Anda bisa mendapatkan manfaat kebugaran yang berbeda dengan berolahraga di zona denyut jantung yang berbeda. Kelima zona latihan ini didasarkan pada rentang persentase denyut jantung maksimum.

Di setiap zona, Anda akan merasakan tingkat pengerahan tenaga yang berbeda dan tubuh Anda akan membakar persentase karbohidrat, protein, dan lemak yang berbeda.

Zona Jantung Sehat

Zona Denyut Jantung Kebugaran

Zona Denyut Jantung Aerobik

Zona Anaerobik - Zona Ambang Batas

Zona Garis Merah

Memvariasikan Latihan Anda

Zona mana yang harus Anda selesaikan? Yang terbaik adalah memvariasikan latihan Anda untuk panjang dan intensitas dan memungkinkan hari pemulihan antara hari-hari latihan yang intens di zona aerobik, anaerobik, dan garis merah. Racewalker Dave McGovern memiliki jadwal latihan berjalan mingguan yang disarankan yang bervariasi latihan untuk intensitas dan detak jantung untuk meningkatkan kecepatan, daya tahan, dan kapasitas jarak.

Ukur Heart Rate Dengan Pulse

Ambillah detak jantung Anda lima menit setelah dimulainya sesi latihan Anda dan ambillah lagi sebelum Anda tenang. Denyut jantung Anda akan melambat jika Anda berhenti bergerak, jadi penting untuk memeriksa denyut nadi Anda dengan cepat jika menggunakan metode manual atau monitor pulsa, menghitung hanya 10 hingga 15 detik. Anda dapat menemukan denyut nadi di leher Anda (arteri karotis) atau pergelangan tangan (arteri radial). Gunakan jari daripada jempol Anda untuk menemukan arteri dan denyut nadi.

Anda juga dapat menggunakan aplikasi seluler, seperti aplikasi Azumio Instant Heart Rate . Ini menggunakan flash kamera ponsel Anda untuk membaca pulsa Anda dari jari Anda.

Heart Rate vs Pulse Monitor

Monitor detak jantung dengan tali dada lebih akurat daripada mengambil pulsa Anda. Mereka mengirimkan data ke unit pergelangan tangan atau aplikasi seluler sehingga Anda dapat melihat detak jantung Anda sepanjang latihan Anda. Model mencakup banyak fitur lain dengan harga yang meningkat, seperti melacak zona detak jantung Anda, fitur stopwatch, kalori yang terbakar, dan banyak lagi. Jenis monitor detak jantung lainnya termasuk monitor pulsa di mana Anda menempatkan satu atau dua jari pada sensor untuk membaca.

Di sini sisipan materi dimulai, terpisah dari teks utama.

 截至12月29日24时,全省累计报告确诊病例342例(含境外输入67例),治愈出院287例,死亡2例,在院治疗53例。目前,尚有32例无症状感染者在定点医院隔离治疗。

Banyak treadmill dan mesin latihan lainnya memiliki grip dengan sensor pulsa yang terpasang. Anda mencengkeramnya dan denyut nadi Anda akan terbaca pada layar di mesin. Anda biasanya tidak perlu mengganggu latihan Anda untuk mendapatkan bacaan.

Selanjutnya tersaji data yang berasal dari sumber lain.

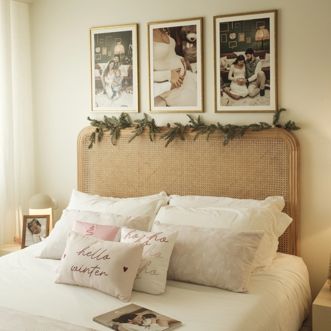 Podes adicionar almofadas de Natal, mantas fofas e quentes, e até molduras com fotos de Natais anteriores. As velas também são ótimas para criar um ambiente aconchegante e acolhedor.

Band Kebugaran dan Jam Tangan Cerdas

Beberapa band kebugaran, seperti beberapa model Fitbit , dan jam pintar seperti Apple Watch memiliki sensor pulsa LED di bagian bawah sisi kulit. Ini harus dikenakan dengan aman di kulit untuk mendapatkan pembacaan yang stabil dan akurat. Untuk menghemat baterai, banyak dari mereka tidak membaca terus menerus. Lihat instruksi untuk monitor Anda atau perhatikan untuk melihat bagaimana mendapatkan pembacaan pulsa berdasarkan permintaan atau terus-menerus.

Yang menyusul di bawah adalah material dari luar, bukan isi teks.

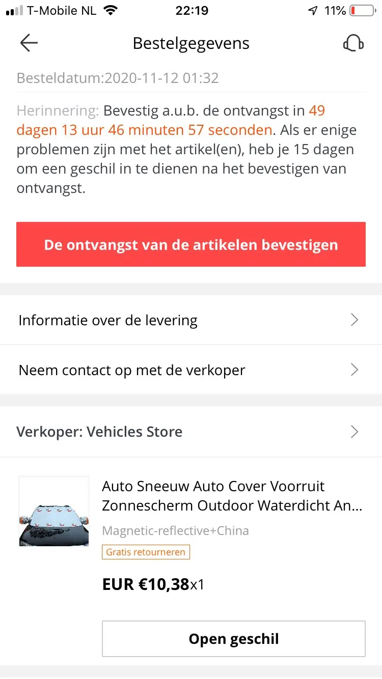 12-11-2020 по четвергам. Сегодня 07-12-2020 с понедельника получены. Быстрая Доставка в течение 25 дней от Китая до Роттердамской-Южной Нидерландов. Из-за толпы людей по PostNL дополнительное время ожидания, на самом деле, я должен получить посылку на следующей неделе 30-11-2020, если я получил, но PostNL каждый день менял срок доставки, поэтому через 7 дней получил. Состояние товара упаковано аккуратно и счастливо без получения beschadigden. Но я не был протестирован. Когда я был протестирован, я оставляю еще один отзыв с фотографиями. ! Обратите внимание на людей из Нидерландов! Этот период с длительным сроком ожидания доставки в PostNL. Они так заняты. Таким образом, вы всегда будете следить за PostNL, всегда проверяйте с помощью PostNL App или PostNL Track & trace Site.

Perangkat ini sering memiliki zona denyut jantung yang disederhanakan, seperti cahaya, sedang, dan kuat. Beberapa memungkinkan Anda untuk menetapkan target denyut jantung dan memiliki peringatan visual atau pendengaran ketika Anda berada di zona yang Anda pilih.

Satu Kata Dari

Anda akan bisa mendapatkan lebih banyak dari latihan Anda ketika Anda memahami bagaimana detak jantung Anda menunjukkan intensitas latihan Anda. Anda akan tahu apakah Anda mencapai intensitas sedang atau kuat dan Anda dapat memvariasikan jenis latihan yang Anda nikmati.

> Sumber:

> Latihan: mengukur intensitas. American College of Cardiology. https://www.cardiosmart.org/~/media/Documents/Fact%20Sheets/en/abk5262.ashx.

> Intensitas Latihan: Cara Mengukurnya. Mayo Clinic. http://www.mayoclinic.org/healthy-lifestyle/fitness/in-depth/exercise-intensity/art-20046887?pg=2

> Sasaran Tingkat Jantung . American Heart Association. https: // www. .com / maksimum-denyut jantung-1231221.